2. **Performance Range:** The absolute Pass@1 scores differ greatly by benchmark (AIME25: ~24-31, AIME24: ~39-49, GPQA_D: ~44-48, AMC23: ~84-89), indicating varying difficulty or scoring scales.
3. **Parameter Sensitivity:** The AMC23 benchmark shows relatively stable high performance, while AIME25 shows more pronounced sensitivity to parameter changes.

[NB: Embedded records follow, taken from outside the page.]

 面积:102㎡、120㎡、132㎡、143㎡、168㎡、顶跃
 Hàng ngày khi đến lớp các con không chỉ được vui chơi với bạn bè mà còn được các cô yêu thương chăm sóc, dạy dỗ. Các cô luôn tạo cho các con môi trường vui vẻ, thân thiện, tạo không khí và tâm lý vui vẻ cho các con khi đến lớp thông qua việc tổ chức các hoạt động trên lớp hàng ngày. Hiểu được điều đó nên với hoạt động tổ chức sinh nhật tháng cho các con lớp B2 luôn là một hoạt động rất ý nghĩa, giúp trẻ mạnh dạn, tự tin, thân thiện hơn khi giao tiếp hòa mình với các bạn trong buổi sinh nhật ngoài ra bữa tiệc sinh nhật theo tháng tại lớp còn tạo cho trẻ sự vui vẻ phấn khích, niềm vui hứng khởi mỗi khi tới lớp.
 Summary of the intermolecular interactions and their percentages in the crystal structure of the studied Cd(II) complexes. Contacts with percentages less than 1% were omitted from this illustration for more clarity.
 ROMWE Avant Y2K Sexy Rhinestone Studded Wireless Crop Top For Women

4. **Peak Locations:** High performance often occurs at mid-range Ratios (0.2-0.4) and is not consistently tied to the largest or smallest window size.
### Interpretation
This visualization is a hyperparameter sensitivity analysis for the R1-Llama model. It demonstrates that the model's ability to pass benchmarks (Pass@1) is contingent on the interaction between the `Ratio` (likely a sampling or filtering parameter) and the `Local Window Size` (likely the context or attention window).

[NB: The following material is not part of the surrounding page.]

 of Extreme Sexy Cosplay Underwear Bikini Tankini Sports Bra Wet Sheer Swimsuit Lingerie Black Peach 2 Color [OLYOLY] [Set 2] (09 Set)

The key takeaway is that **hyperparameter tuning is benchmark-specific**. A configuration that excels on the AMC23 benchmark (e.g., Ratio=0.5, Window=3000) is suboptimal for AIME25. This suggests the underlying tasks or data distributions of these benchmarks are distinct, requiring different model operating points. The heatmaps serve as a guide for selecting parameters: for a given target benchmark, one should choose the `Ratio` and `Window Size` corresponding to the darkest blue cell. The absence of a universal optimum highlights the trade-offs involved in model configuration and the importance of empirical validation across diverse evaluation sets.